BV Altenessen
- Full name: Ballspiel-Verein Altenessen von 1906 e.V.
- Founded: 1906; 119 years ago
- Ground: Am Kaiserpark
- League: Kreisliga A Essen (VIII)
- 2015–16: 5th
| Home colours | Away colours |

= BV Altenessen =

BV Altenessen is a German football club from the city of Essen, North Rhine-Westphalia. It was established 6 May 1906 and had short turns as a first division side prior to World War II.

==History==
BV first came to note through a 1926 national round playoff appearance after a second-place result in the regional top flight play in the Westdeutschland league. They were quickly eliminated by FSV Frankfurt (1–2) in an eighth-final contest.

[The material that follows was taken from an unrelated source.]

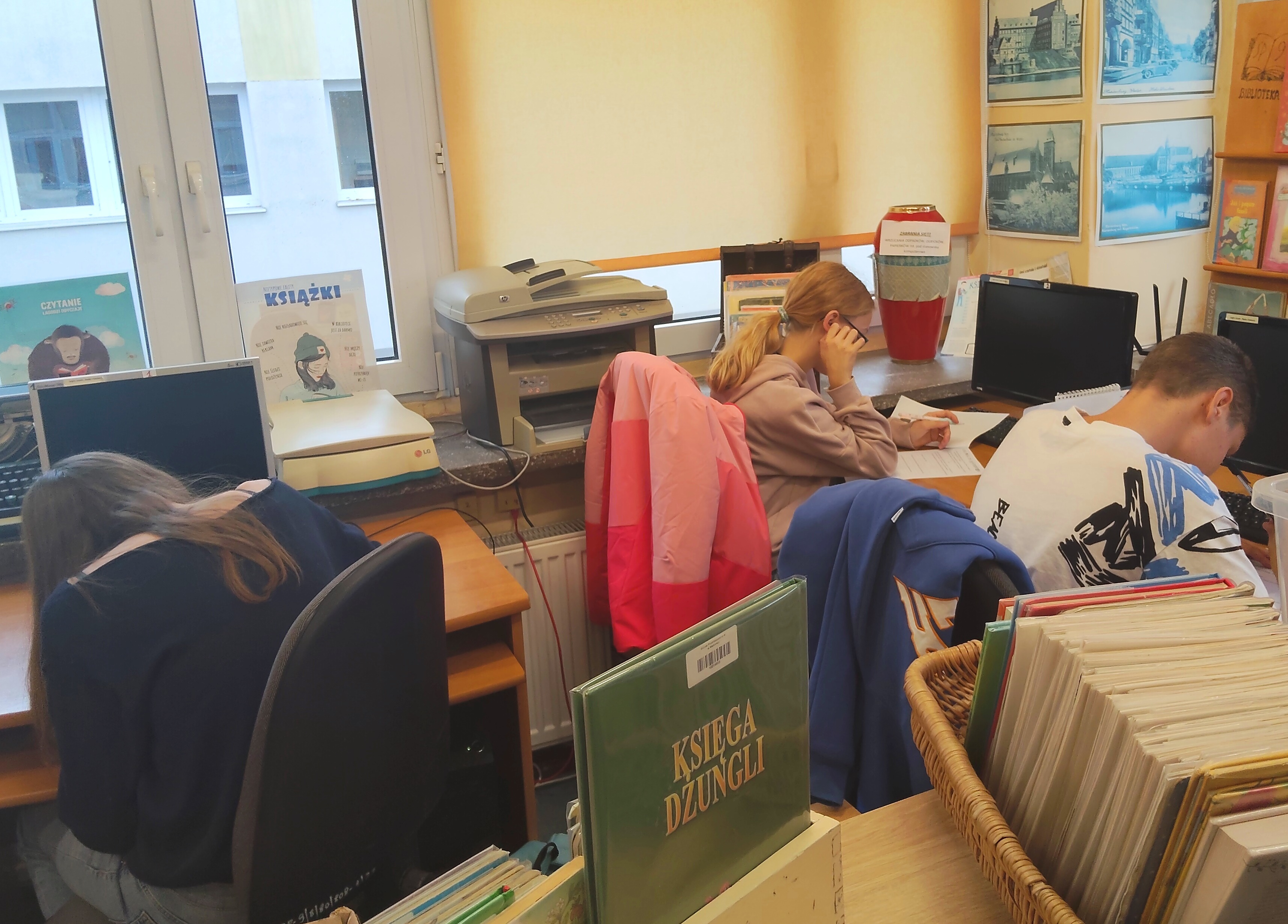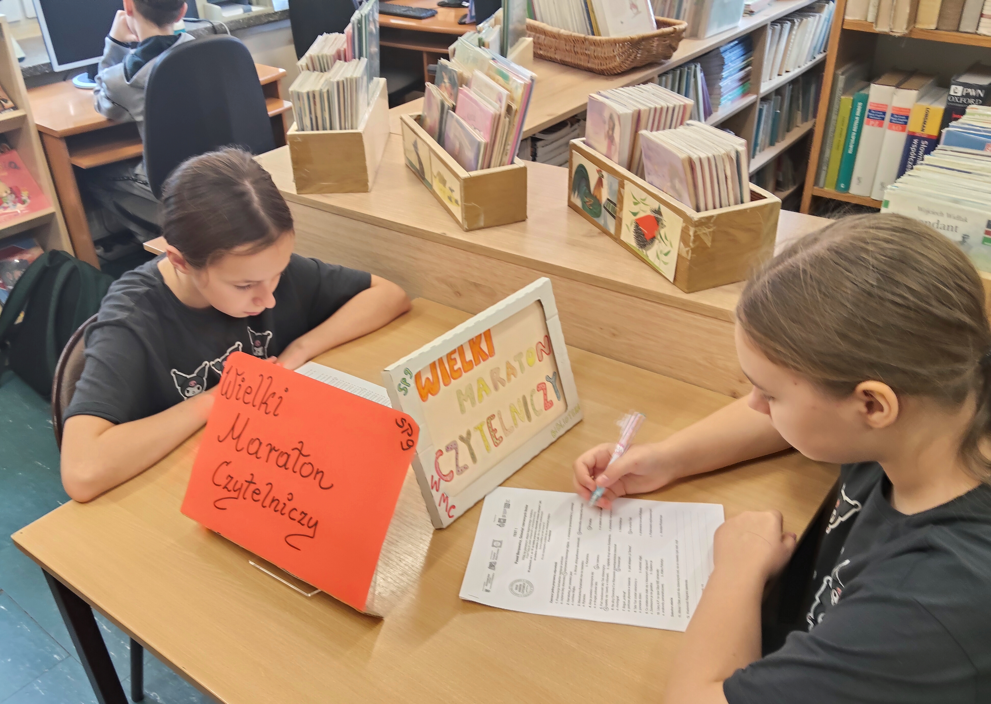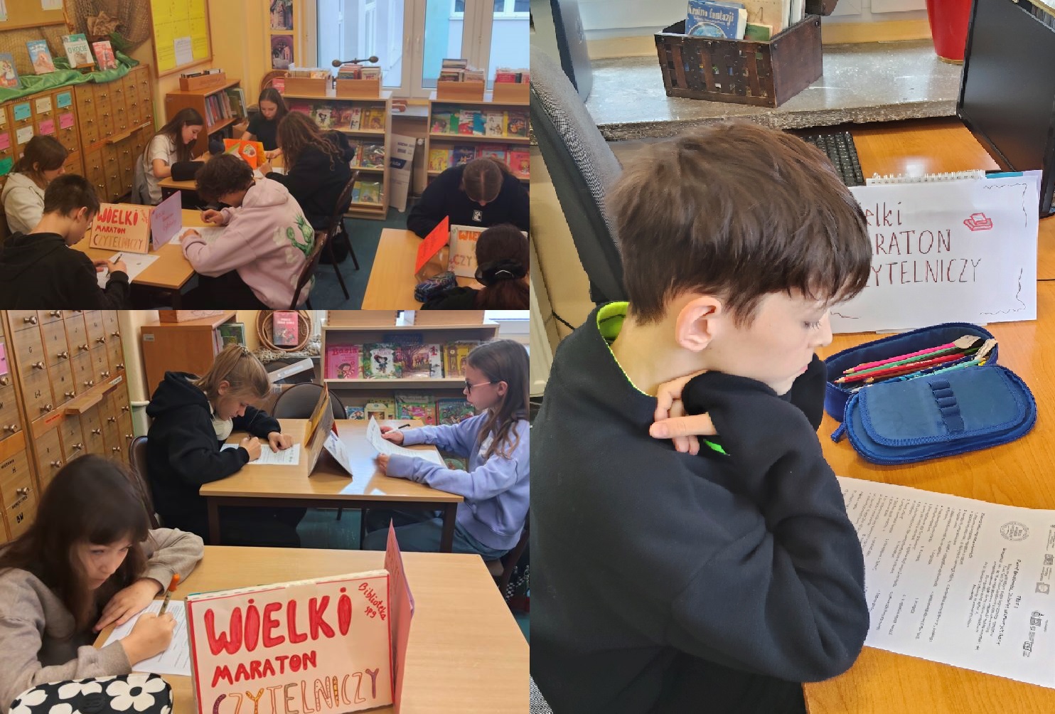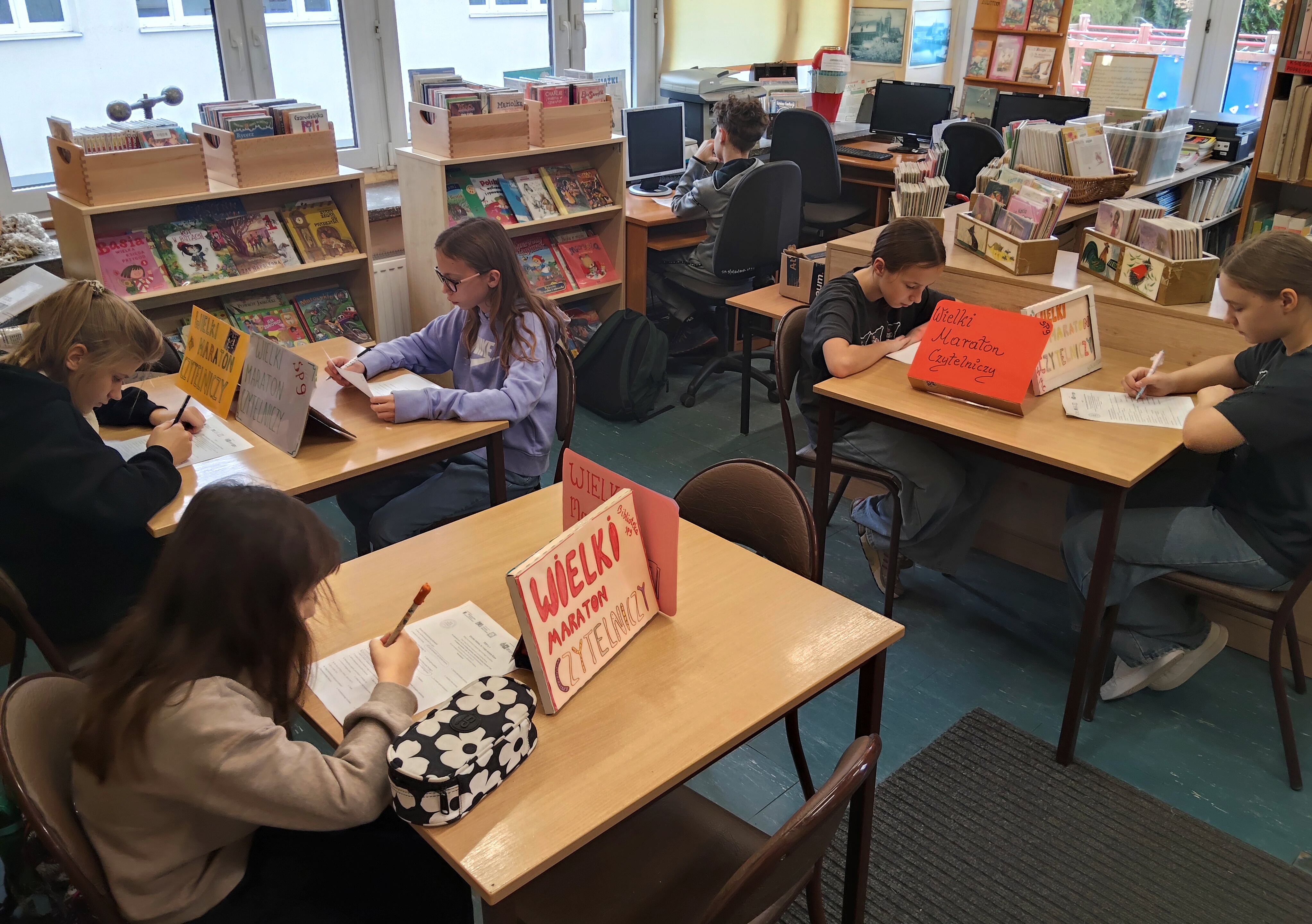 W środę i czwartek /29-30 X b.r./ w szkolnej bibliotece odbył się pierwszy etap ogólnopolskiego Wielkiego Maratonu Czytelniczego organizowanego przez Wojewódzką i Miejską Bibliotekę Publiczną w Gdańsku. Tenże siedemnastoletni konkurs ma na celu popularyzowanie czytelnictwa wśród dzieci i młodzieży, oraz rozwijanie umiejętności czytania ze zrozumieniem treści lektur. Po raz pierwszy u nas do czytelniczych zmagań przystąpili i uczniowie klas drugich i trzecich, a także ,,tradycyjnie’’ uczniowie z klas IV-VIII. Musieli oni zmierzyć się z dwudziestoma zadaniami dotyczącymi tekstu autorów – Pawła Beręseicza, Dymitiera Inkowa i Anne Goscinny. Nasi czytelnicy - Butryn Helena, Radzymińska Joanna, Borzechowska Julia, Giza Maria, Rydzyńska Natasza, Szpejewski Rafael, Wierzchowski Wojciech, Wiśniewska Zuzanna, Wolak Amelia, Bączek Dawid, Kowalska Michalina, Kurinnyi Makar, Lipińska Oliwia, Oreshina Aleksandra, Pufal Hanna, Reksa Martyna, Stateczna Nina, Tomaszkiewicz Weronika, Urbańska Lena, Warchhold Lena, Wojszel Zuzanna - dość dobrze poradzili sobie z testowymi wyzwaniami. Obecnie w niecierpliwości czekamy na kolejny test, już za miesiąc. Opiekunami czytelników ,,dziewiątki’’ są p. Janina Łańko i p. Adam Liszewski.

In 1933 they merged briefly with Essener Sport-Club Preußen 1902 and played a single season as BV Preußen Altenessen in the Gauliga Niederrhein, one of 16 regional first division circuits created in the reorganization of German football under the Third Reich that year. Preußen was relegated after a 10th-place finish and the union of the two clubs ended. After a title win in the Bezirksliga Niederrhein (II) in 1937 followed by a successful promotion round playoff, BV rejoined Gauliga play. Their 1937–38 campaign ended in relegation after another 10th-place finish. As World War II progressed domestic competition suffered from manpower shortages and difficult travel. Many teams were merged into wartime sides known as Kriegspielgemeinshaft and in October 1943 BV joined Rot-Weiß Essen to form KSG RWE/BV 06 Essen which played as Ballfreunde Bergeborbeck after 1944. The combined side played lower tier local ball until war's end.

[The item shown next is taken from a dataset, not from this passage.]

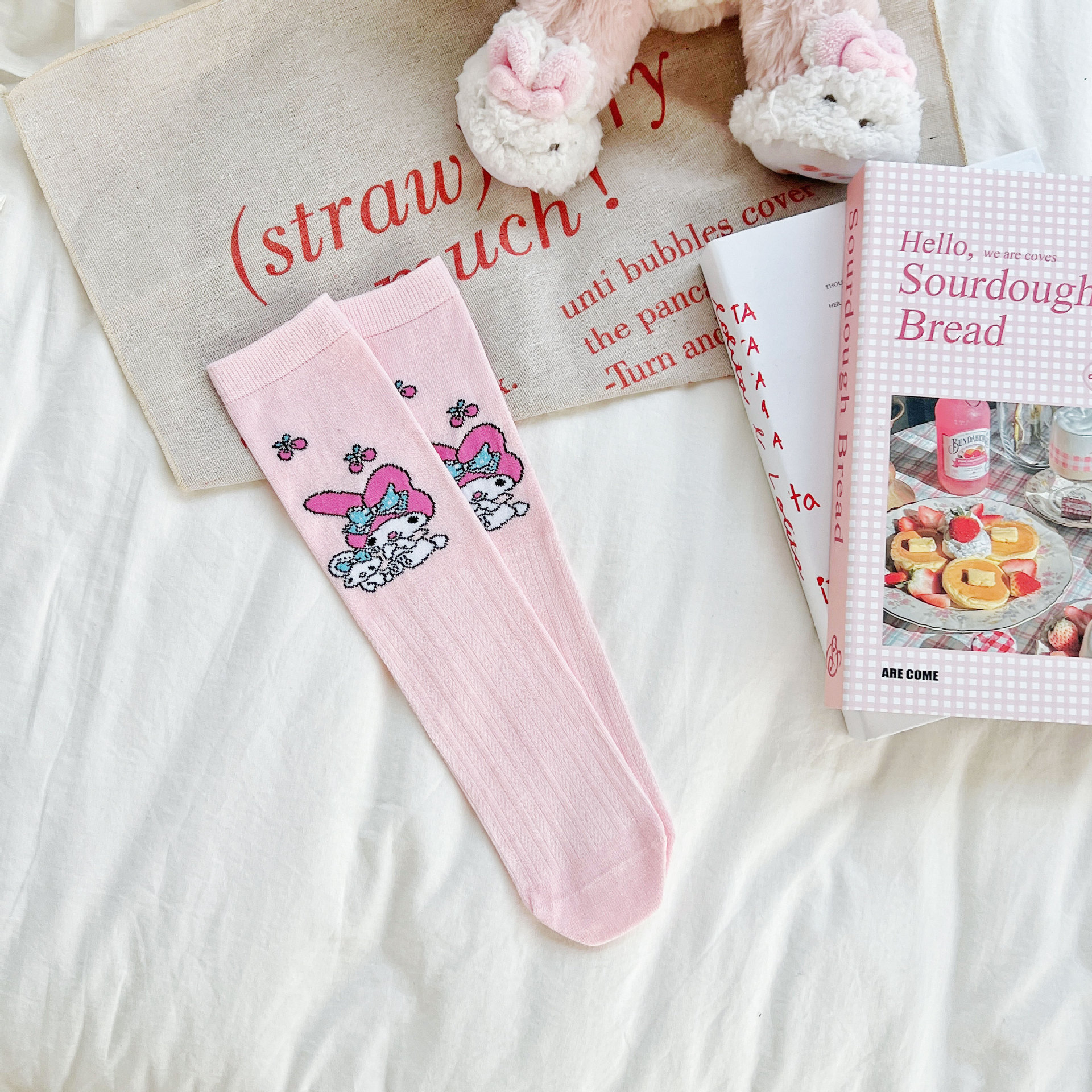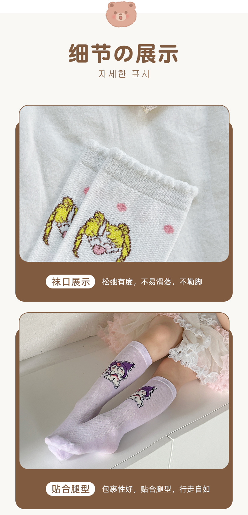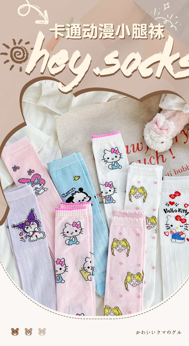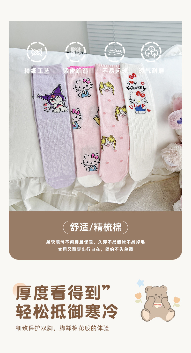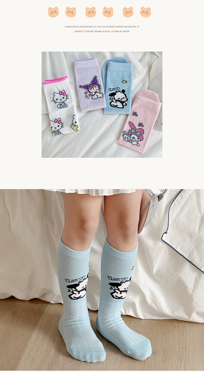 봄과 가을 얇은 귀여운 한국 스타일 어린이 양말 소녀 커프 양말 만화 헬로 키티 땀 통기성 미드 양말 흡수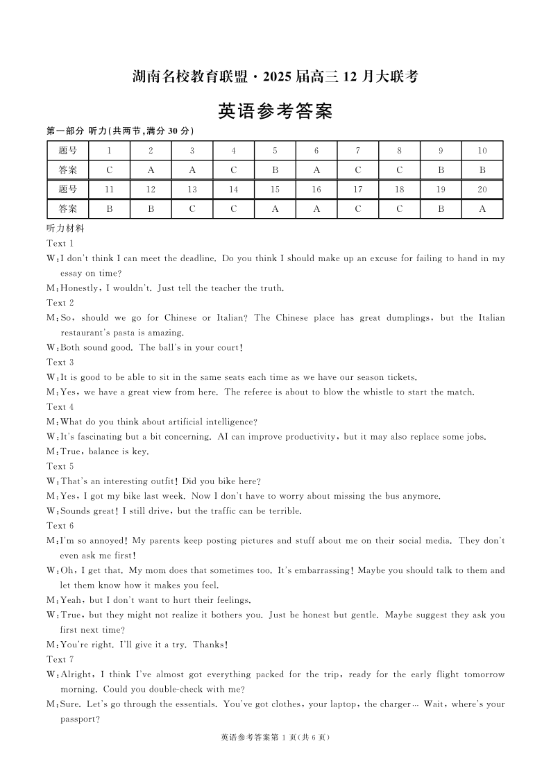 湖南省名校教育联盟2025届高三上学期12月大联考 英语答案.pdf

The two clubs resumed their separate identities after the conflict and became part of the Landesliga Niederrhein (III) in 1947. Over the course of the next three decades BV remained a mid to lower table side in third and fourth tier competition with their best result coming as a 6th-place finish in 1973. Through the 1980s and 1990s the club slowly faded from view as they slipped to 5th and 6th division play. After the turn of the millennium BV descended to the Kreisliga and played in the Kreisliga B (IX). It won a league championship at this level in 2015 and returned to the Kreisliga A.